» DATA EXTRACT

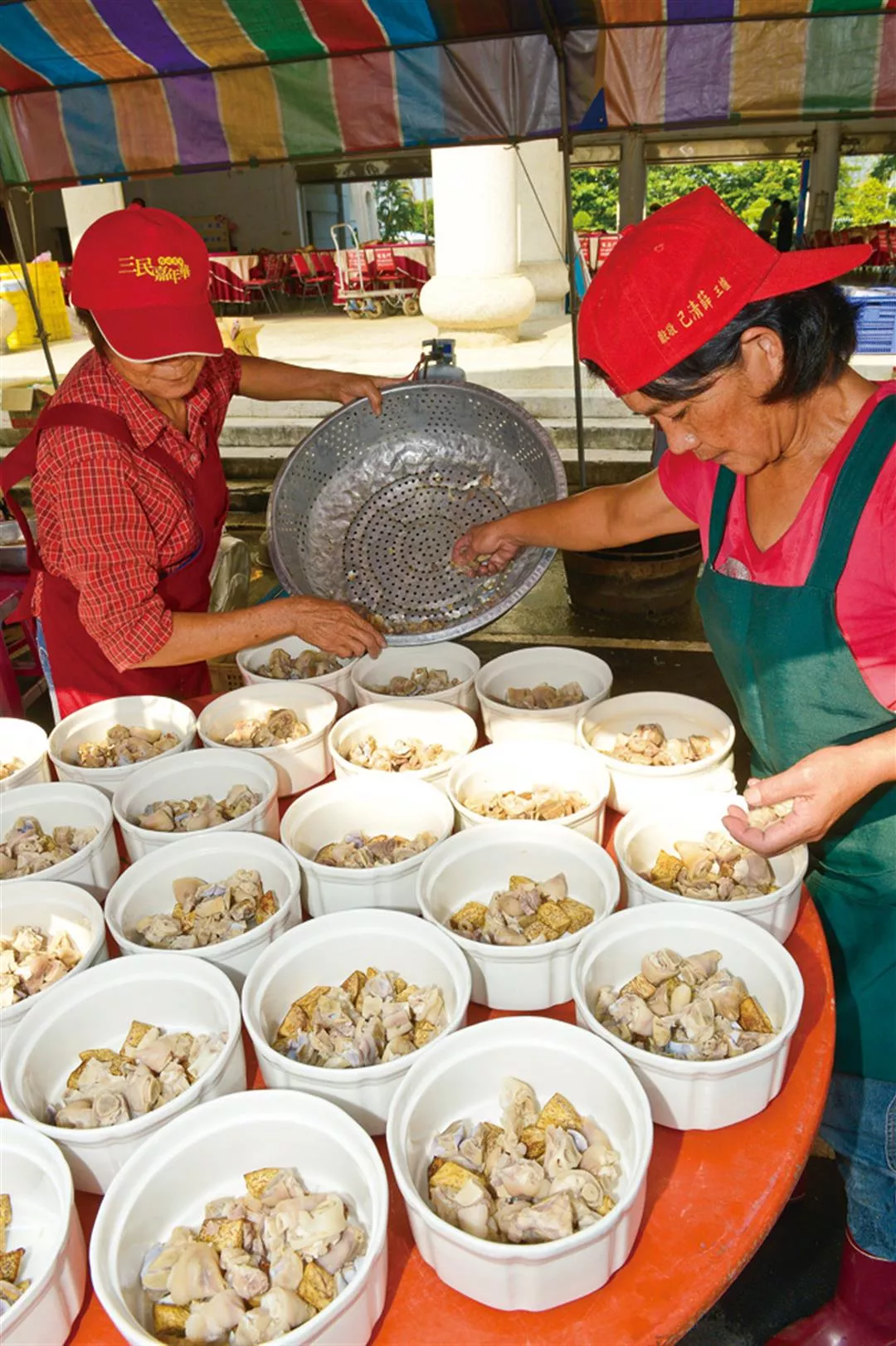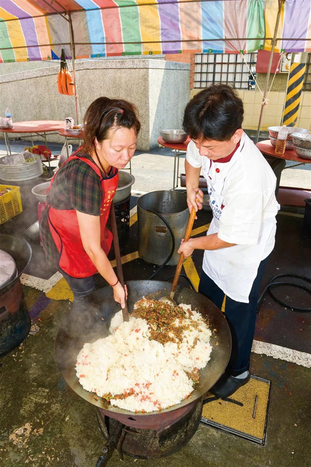 It’s six o’clock on a quiet Sunday morning. Next to the auditorium of Dongmen Elementary School in Meinong District, Kaohsiung, chef Xue Minghui and his wife Leng Dianlin with four or five assistants are hurriedly chopping vegetables and meat in preparation for a banquet. As the midday deadline approaches, stove fires burn intensely as workers’ voices are raised in urgency.
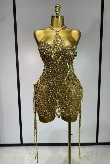 Shine bright in the Kyra Sparkly Sequin Diamond Mesh Two-Piece Dress Set. Featuring a dazzling mesh top covered in sequins and paired with a sleek skirt, this 2025 design is sexy, elegant, and perfect for evening parties, birthdays, or photoshoots. Make every entrance unforgettable with Kyra’s glamorous, show-stopping style.
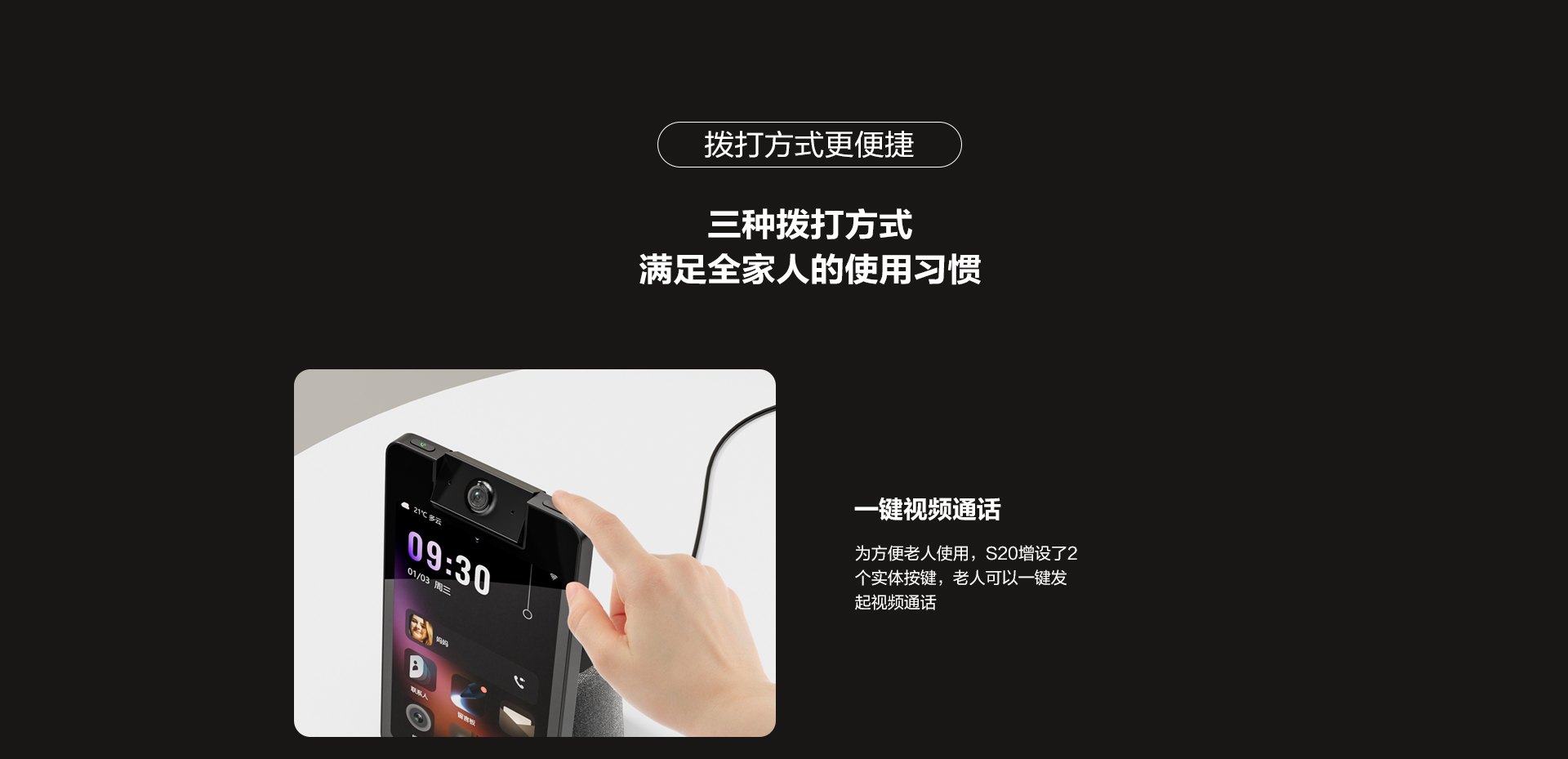 | 呼叫发起方式 | 触摸呼叫/语音呼叫/按键呼叫 | |

» WHAT YOU NEED TO DO
All of the material above should be reproduced exactly, except the pictures.

» YOUR RESPONSE
 It’s six o’clock on a quiet Sunday morning. Next to the auditorium of Dongmen Elementary School in Meinong District, Kaohsiung, chef Xue Minghui and his wife Leng Dianlin with four or five assistants are hurriedly chopping vegetables and meat in preparation for a banquet. As the midday deadline approaches, stove fires burn intensely as workers’ voices are raised in urgency.
 Shine bright in the Kyra Sparkly Sequin Diamond Mesh Two-Piece Dress Set. Featuring a dazzling mesh top covered in sequins and paired with a sleek skirt, this 2025 design is sexy, elegant, and perfect for evening parties, birthdays, or photoshoots. Make every entrance unforgettable with Kyra’s glamorous, show-stopping style.
 | 呼叫发起方式 | 触摸呼叫/语音呼叫/按键呼叫 | |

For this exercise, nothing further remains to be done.